- _Provided data_

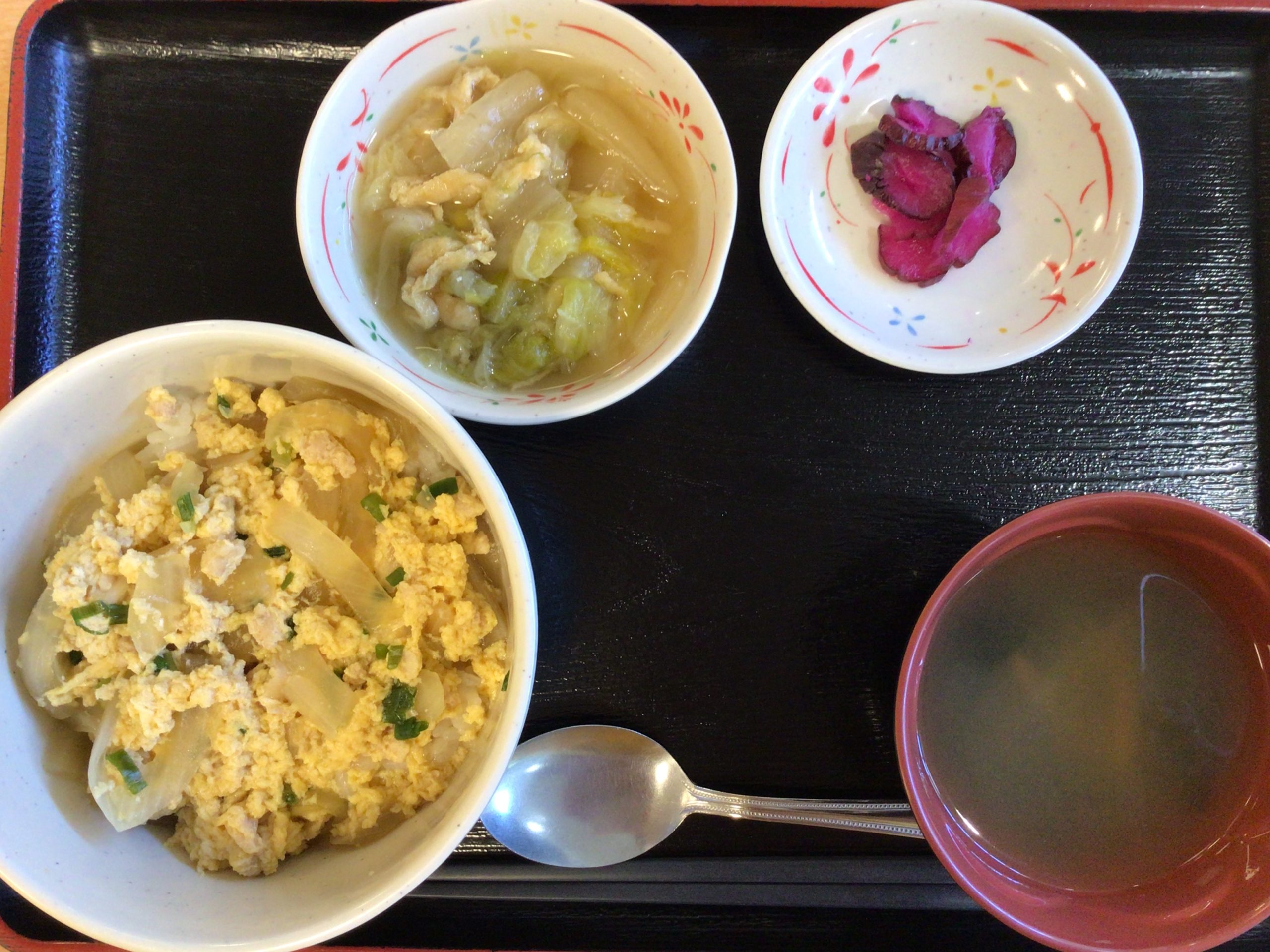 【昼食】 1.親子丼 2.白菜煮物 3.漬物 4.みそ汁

* * *

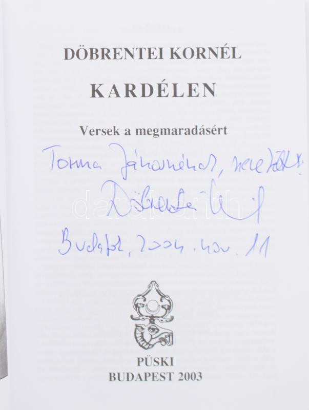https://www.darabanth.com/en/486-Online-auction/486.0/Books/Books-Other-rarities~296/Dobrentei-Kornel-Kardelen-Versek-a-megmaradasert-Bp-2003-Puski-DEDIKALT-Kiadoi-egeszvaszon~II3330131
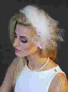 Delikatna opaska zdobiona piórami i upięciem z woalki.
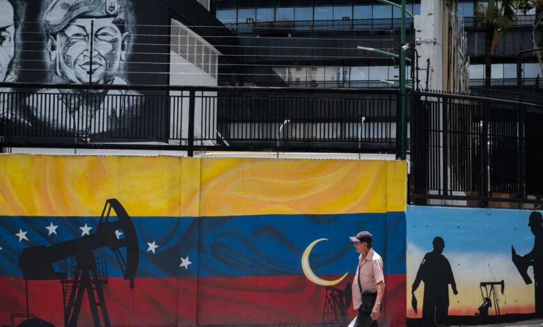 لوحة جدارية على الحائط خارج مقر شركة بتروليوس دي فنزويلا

---

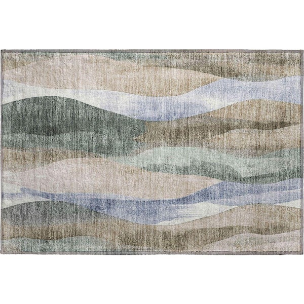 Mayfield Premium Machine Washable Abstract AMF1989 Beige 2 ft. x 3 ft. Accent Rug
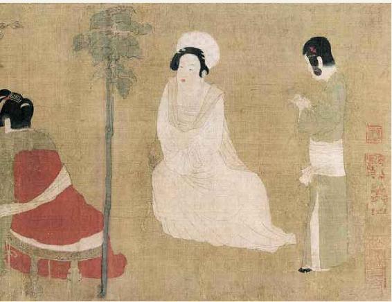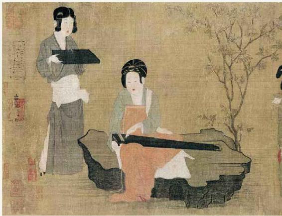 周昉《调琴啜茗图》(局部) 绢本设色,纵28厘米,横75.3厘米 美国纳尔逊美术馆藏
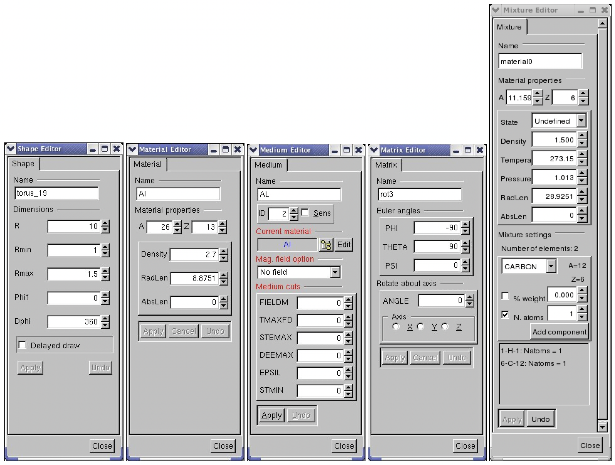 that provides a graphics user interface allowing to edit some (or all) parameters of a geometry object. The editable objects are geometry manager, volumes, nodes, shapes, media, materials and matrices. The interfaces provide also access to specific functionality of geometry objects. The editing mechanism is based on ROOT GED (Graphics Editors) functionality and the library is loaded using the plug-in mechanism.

- _The task_
Everything above from the line with "Mayfield Premium Machine" through the line with "that provides a" should be retyped exactly, and nothing else; omit pictures.

- _Solution to this exercise_
 Mayfield Premium Machine Washable Abstract AMF1989 Beige 2 ft. x 3 ft. Accent Rug
 周昉《调琴啜茗图》(局部) 绢本设色,纵28厘米,横75.3厘米 美国纳尔逊美术馆藏
 that provides a graphics user interface allowing to edit some (or all) parameters of a geometry object. The editable objects are geometry manager, volumes, nodes, shapes, media, materials and matrices. The interfaces provide also access to specific functionality of geometry objects. The editing mechanism is based on ROOT GED (Graphics Editors) functionality and the library is loaded using the plug-in mechanism.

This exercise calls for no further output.